= LGBTQ people in the Dominican Republic =

LGBTQ people in the Dominican Republic face multiple challenges. Although homosexuality between adults in private is decriminalized, LGBTQ Dominicans still endure discrimination and violence due to their sexual orientation and/or gender identity.

== Stigma and violence ==
In a 2014 poll, almost three quarters, 73%, of people in the Dominican Republic alone have said that members of the LGBTQ community have experienced some sort of violence or discrimination. Members of the LGBT Community in the Dominican Republic are victims of hate crimes, extortion by the police, and discrimination when it comes to resources and employment services. They also face discrimination when seeking treatment from health care systems. Between 2006 and August 2015, there have been 32 reports of possible hate crimes against transgender people.^{:5}

Homosexuality is seen as a disease. Electroshock therapy and conversion therapy are legal in the Dominican Republic.

== Rights ==

Since June 17, 1944, same-sex marriage has been unrecognized by the country. The constitution states that marriage is a union between a man and a woman. In 2010, once the new constitution was written again, it included that same-sex marriage was prohibited.

Homosexuality in the Dominican Republic was decriminalized in 1822. As of 2025, homosexuality remains legal within the Dominican Republic. However, there are no laws that protect LGBTQ people from discrimination in housing and places of employment.

Law 285-66 prohibits LGBT people from serving as members of the police force. Under this law, police officers are also prohibited from engaging in sodomy. In 2014, the law was confirmed that LGBT members were prohibited from joining any police force.

==Trans people==

Due to employment discrimination against LGBT members, many transgender women resort to sex work. A local NGO counted 17 cases of police violence and discrimination against transgender women sex workers between December 2013 and October 2014.^{:6}

== History ==

In the early 2000s, the Dominican Gay-Lesbian Collective (Colectivo Gay-Lesbianas Dominicanas, GAYLESDOM) organized several LGBTQ events in the country. They staffed a booth at the Book Fair (Feria del Libro) in Santo Domingo, where they distributed information on preventing STIs, including HIV. The National Police briefly closed the booth, but it reopened following protests.

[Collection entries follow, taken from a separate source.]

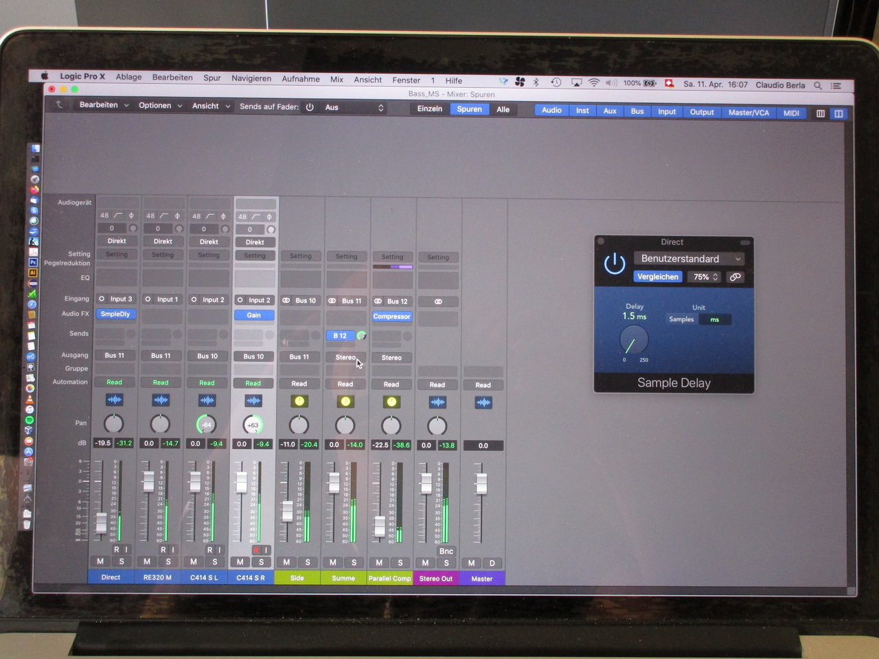 nachdem ich meine Akustikbässe als Experiment dreispurig Stereo aufgenommen habe, nämlich den RMC Abnehmer direkt über Röhren DI, M/S mit einem EV RE320 als Mittenmikro und einem AKG C414 als Seitenmikro, die Mikros in etwa einem halben Meter Abstand zum 12. Bund, das ganze zusammengemischt ziemlich geil klingt (das Direktsignal muss wegen der Phasenlage leicht verzögert werden und braucht es fast gar nicht, aber besser haben und nicht brauchen als nicht haben und dann doch benötigen) habe ich mich gefragt, ob das mit dem Kontrabass auch funktionieren würde.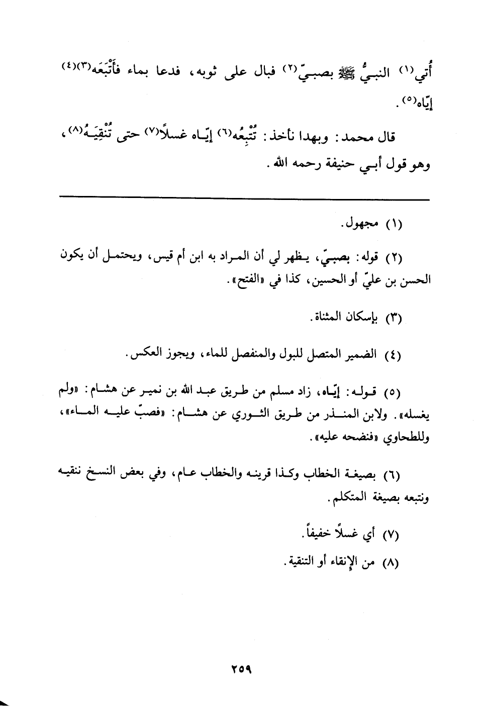 (¬4) الضمير المتصل للبول والمنفصل للماء، ويجوز العكس.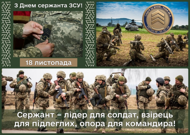 Сьогодні вшановуємо тих, хто є основою військової міці та непохитної дисципліни нашого війська – українських сержантів. Саме на ваші плечі лягає найскладніша та найвідповідальніша місія – бути серцем підрозділу, мудрими наставниками для молодших військових і надійною опорою для командирів.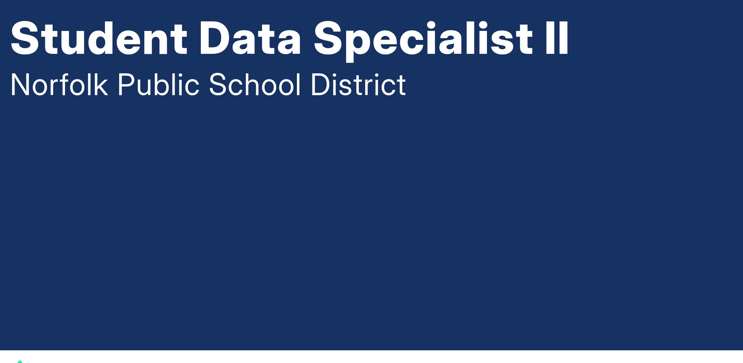The position is responsible for serving as a student data information specialist executing a variety of intermediate level clerical and secretarial support tasks in a Norfolk Public School or Center; to include registering students, processing withdrawals, sending and receiving transcripts, and performing attendance and student accounting tasks.Β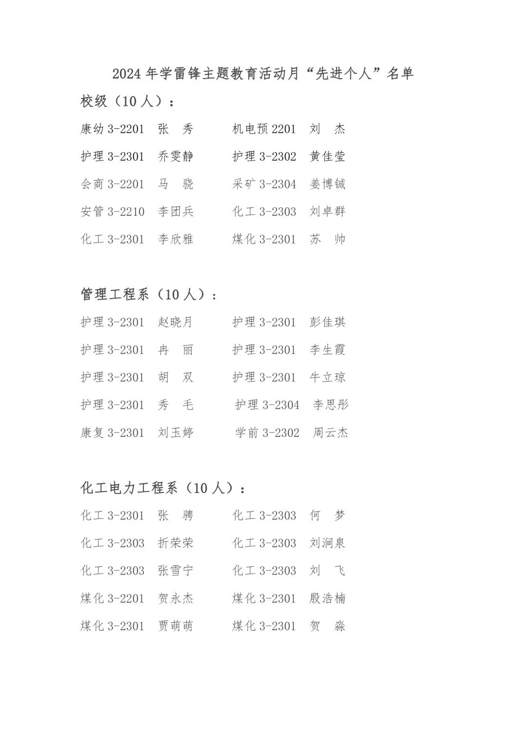 公示 2024年学雷锋主题教育活动月“先进个人”名单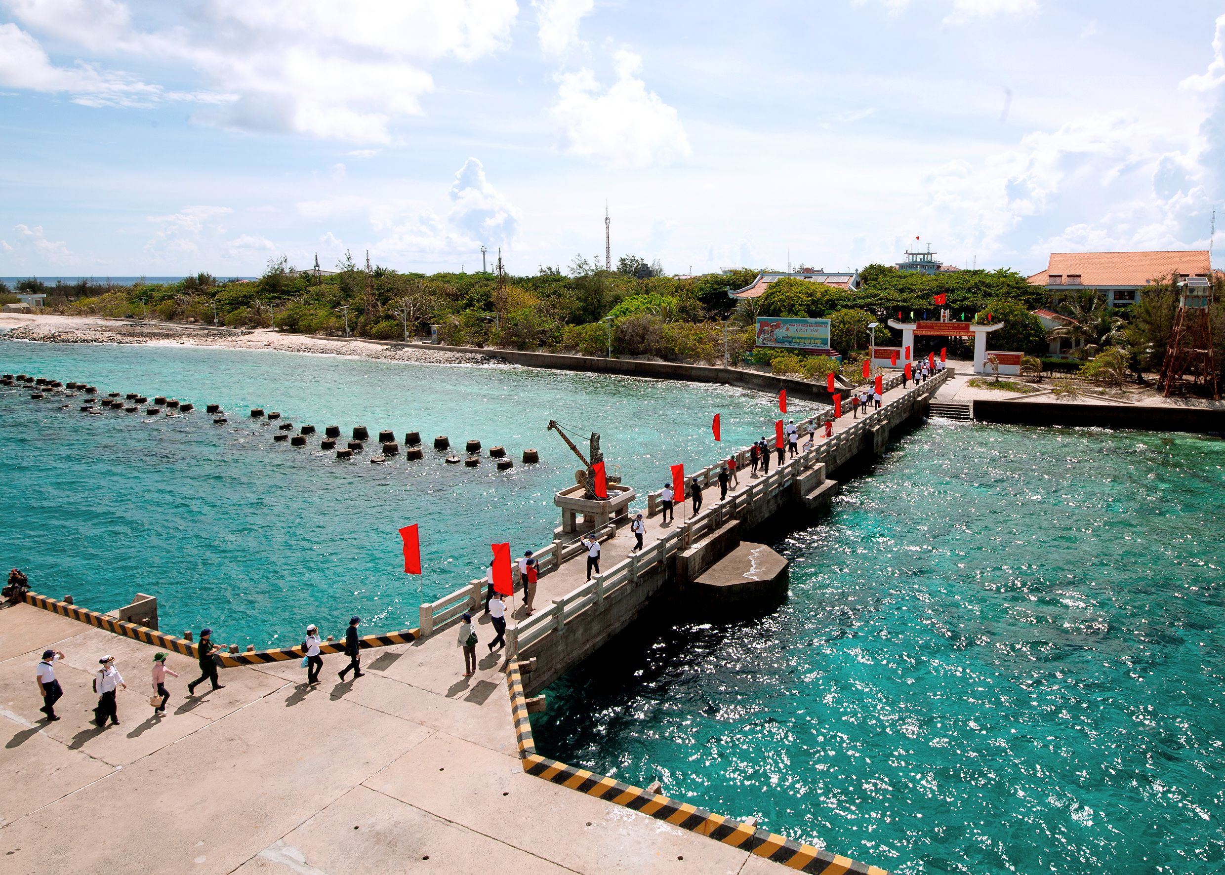Xa xa, Trường Sa Lớn tựa 1 pháo đài vững chắc giữa Biển Đông. Chiếc cầu cảng dài 150m như cánh tay vạm vỡ dang rộng nối tàu đưa đoàn công tác lên đảo. “Thủ đô” của quần đảo được thiên nhiên ưu đãi với nguồn nước ngọt dồi dào hơn cả và cũng là đảo duy nhất có cầu cảng để tàu có thể cập.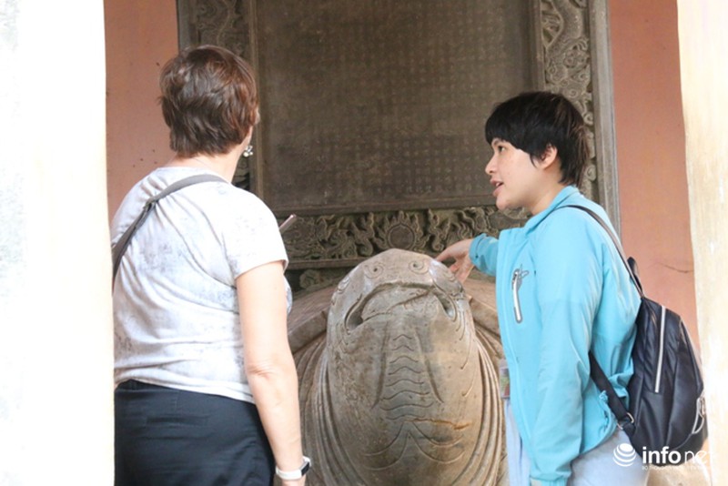Không chỉ chụp ảnh, khách nước ngoài còn được hướng dẫn viên giới thiệu về bia "Ngự kiến Thiên Mụ tự". |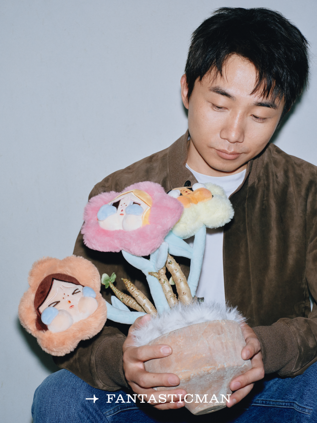 王宁安静地配合着拍摄,不怎么说话。LABUBU玩偶、星星人挂件、刚完工的CRYBABY毛绒盆栽,他都顺次接过,拿到手上。按照摄影师的要求,他做着轻松的表情,有一会儿还得躺在螺旋滑梯上。后来,他说起自己想躲起来。在以前这不是什么难事儿,但现在,恐怕不可能了。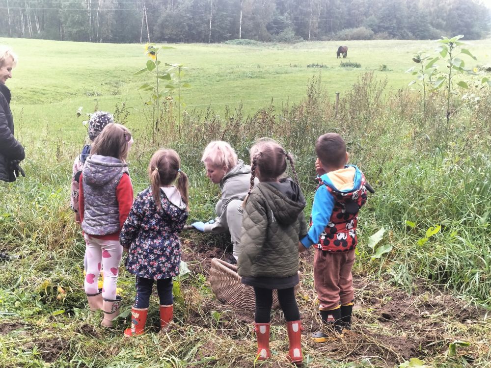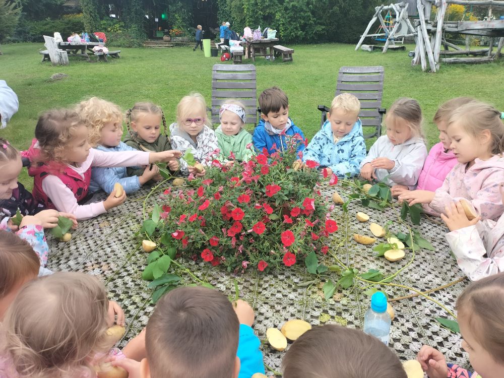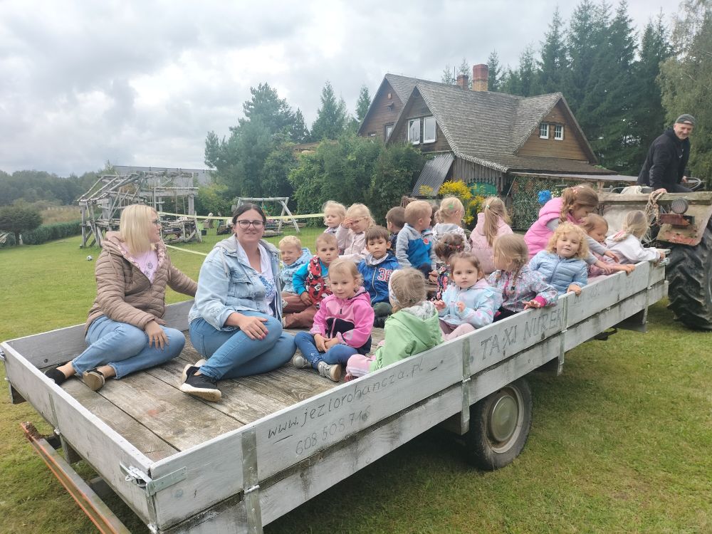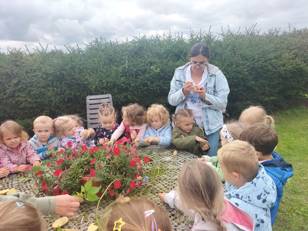 15 września 2025 roku grupy Niebieska i Czerwona wybrały się na pierwszą wycieczkę w tym roku szkolnym. Okazją było Święto Pieczonego Ziemniaka. W gospodarstwie agroturystycznym w miejscowości Mierkinie czekało na przedszkolaków mnóstwo atrakcji. Na pamiątkę spotkania dzieci wykonały ziemniaczanego jeżyka. Nie mogło także zabraknąć ogniska i degustacji pieczonych ziemniaków. Serdeczne podziękowania gospodarzom za dzień pełen wrażeń.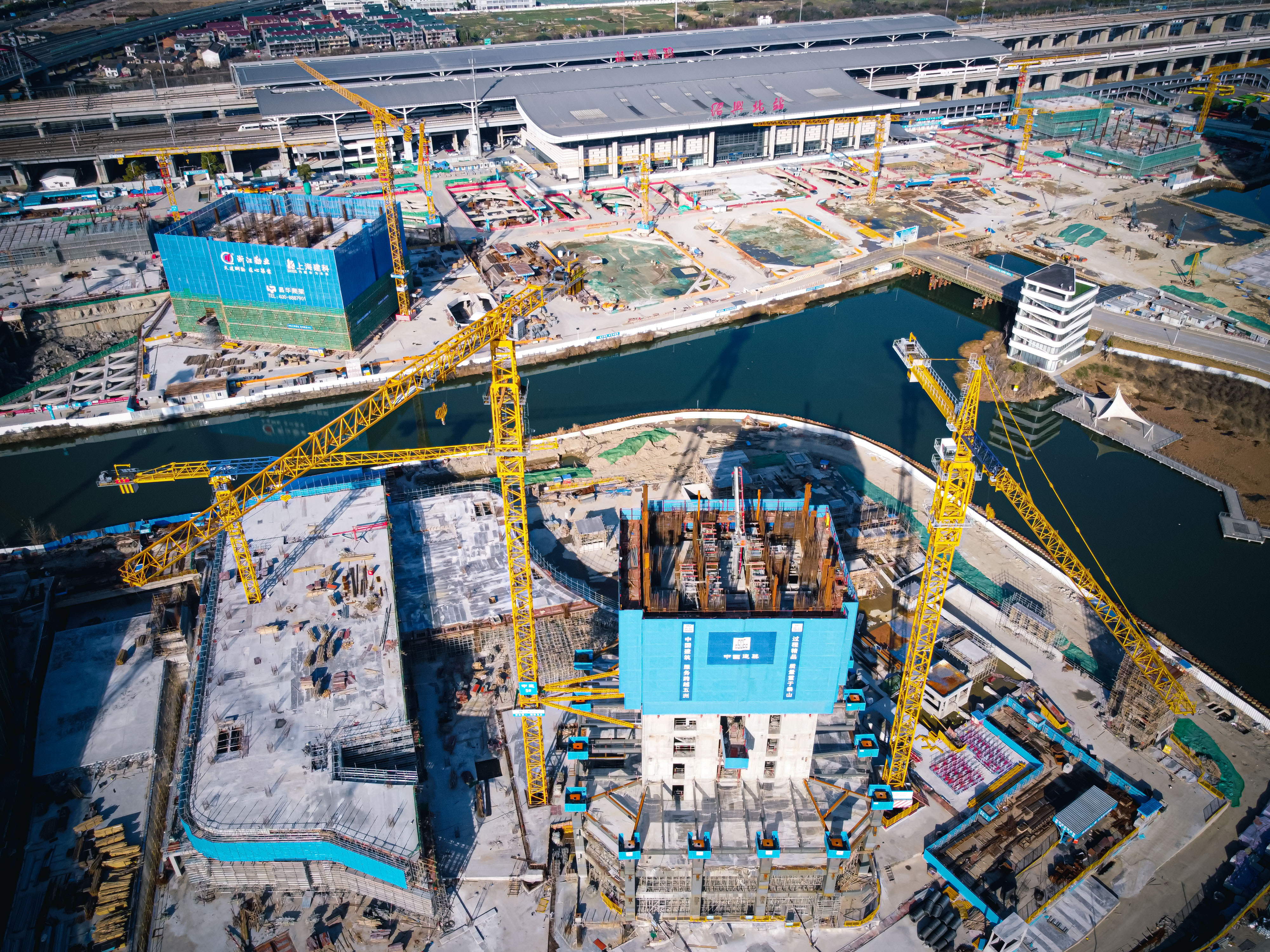 绍兴北站TOD综合交通枢纽工程建设现场(2023年1月31日摄,无人机照片)。由中建三局承建的这项工程为浙江省重点工程,建成后将是集商务办公、科创研发、星级酒店等多重功能于一体的智慧型城市交通综合体。新华社记者 江汉 摄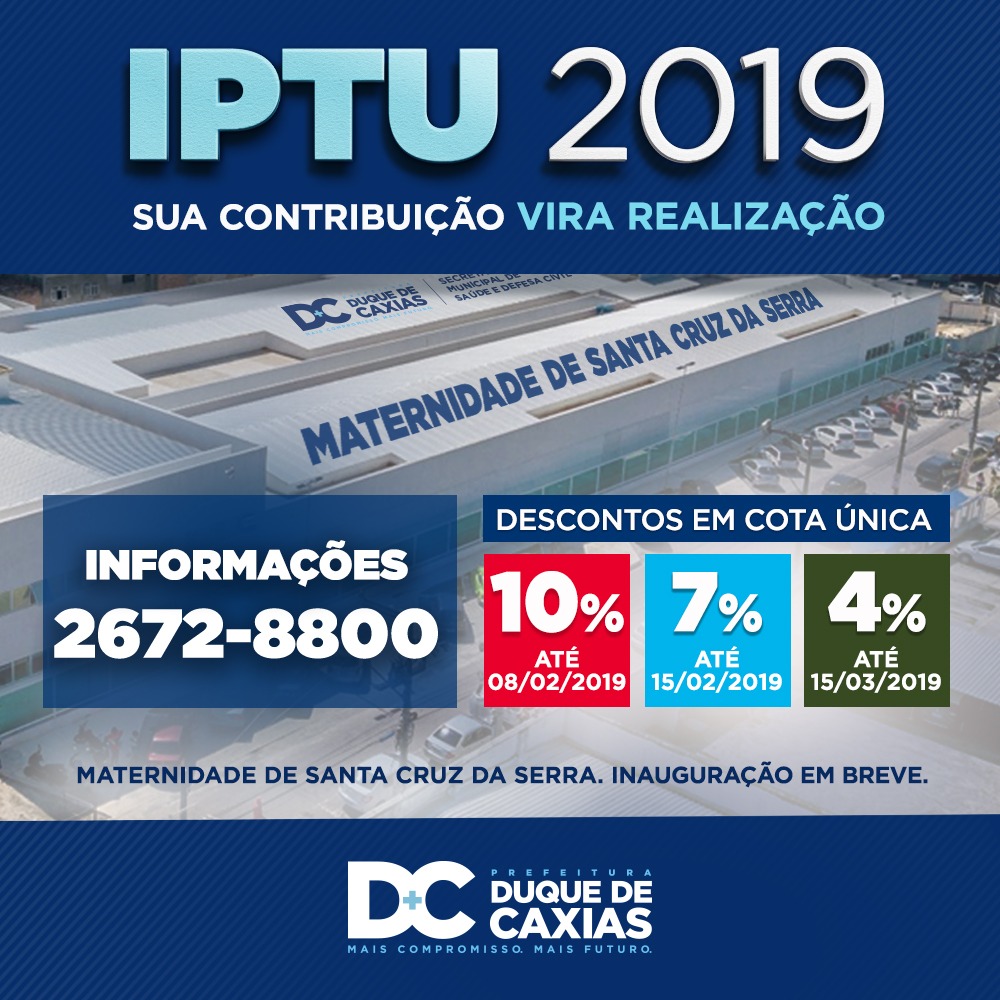 A Prefeitura de Duque de Caxias, através da Secretaria Municipal de Fazenda e Planejamento, está divulgando a tabela de pagamento do IPTU 2019. Até o dia 15 de março, os contribuintes que pagarem o Imposto sobre a Propriedade Predial e Territorial Urbana da cidade de Duque de Caxias, por meio de cota única, poderão usufruir de descontos que variam de 10 a 4%.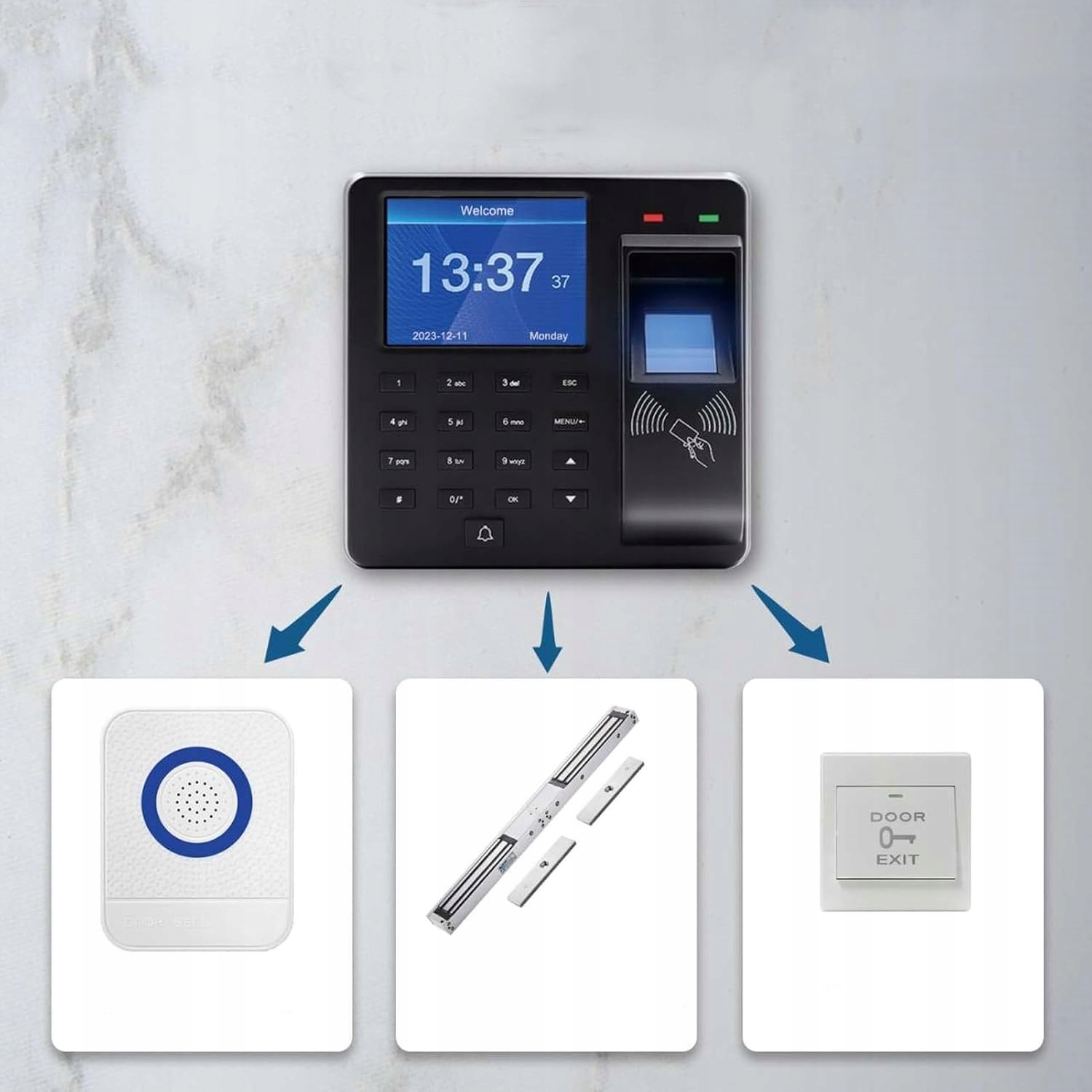 • Методи розблокування: ✅ Відбиток пальця, ✅ пароль, ✅ RFID-карта/брелок 125 кГц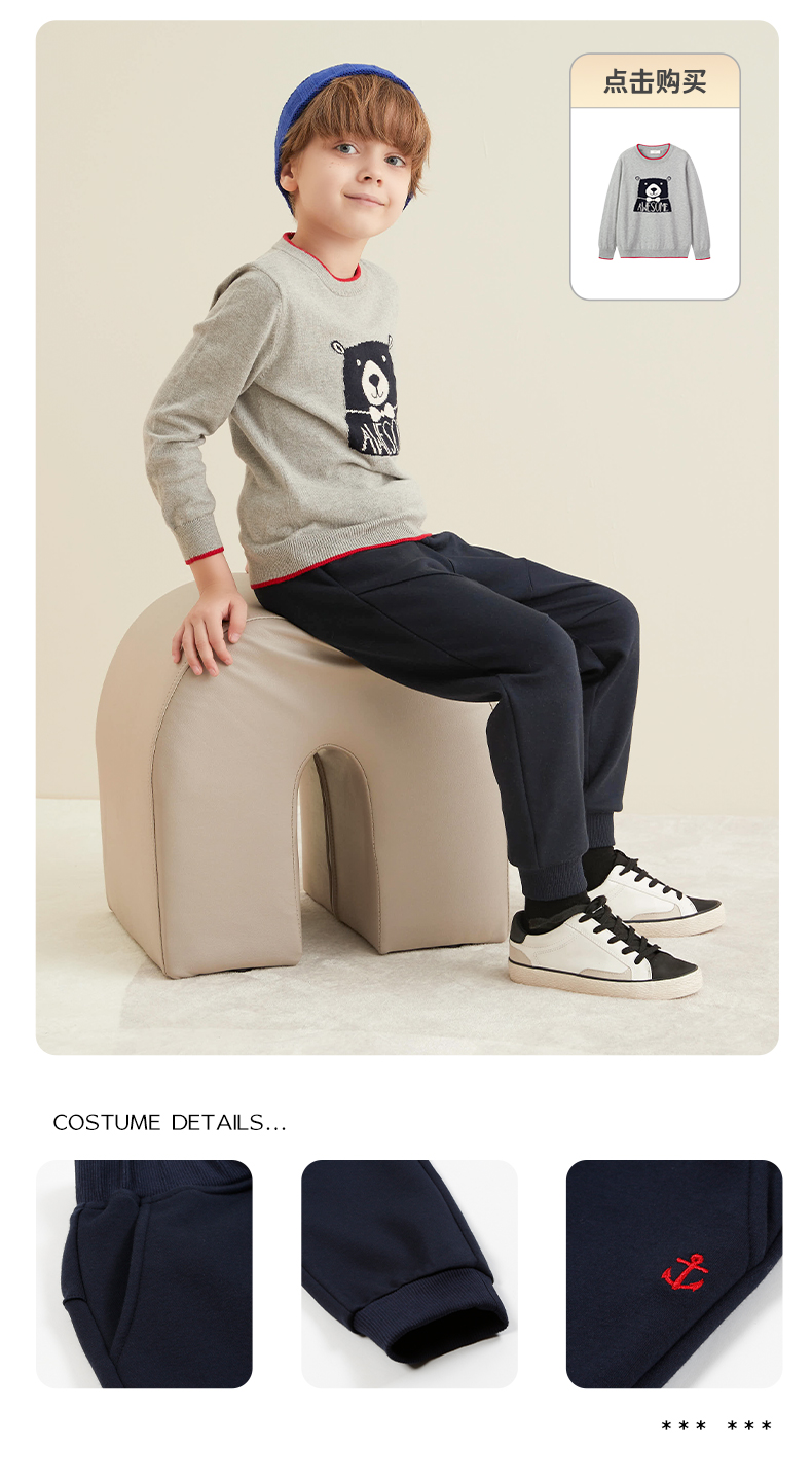 羊绒世家童装男童裤子秋季儿童运动裤潮童服卫裤透气舒适休闲裤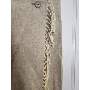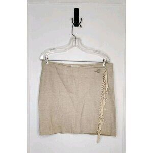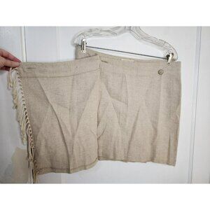 Express Compagnie Linen Cotton Wrap Skirt 13/14 Mini Neutral Beach Fringe 90s

On July 1, 2001, GAYLESDOM held the country's first Gay Pride parade was held in Santo Domingo. During the march, one of the participants, a 20-year-old man, was shot. He died on route to the hospital. In 2016, an estimated 10,000 people attended the Santo Domingo pride parade.

Beginning in 2013, American ambassador to the Dominican Republic Wally Brewster faced backlash for being an openly gay man married to another man. Brewster hosted Dominican LGBTQ rights activists at his residence, and encouraged the embassy to fund LGBTQ rights groups. Local activists credited Brewster with being able to disperse some stigma around LGBTQ identities.

2015 and 2016 saw the country's first openly gay candidates in elections, including Deivis Ventura, who ran for Chamber of Deputies, and Yimbert Telemin, who ran for the La Romana city council. Also in 2016, with the support of the American Embassy and USAID, an LGBT chamber of commerce was established in the country.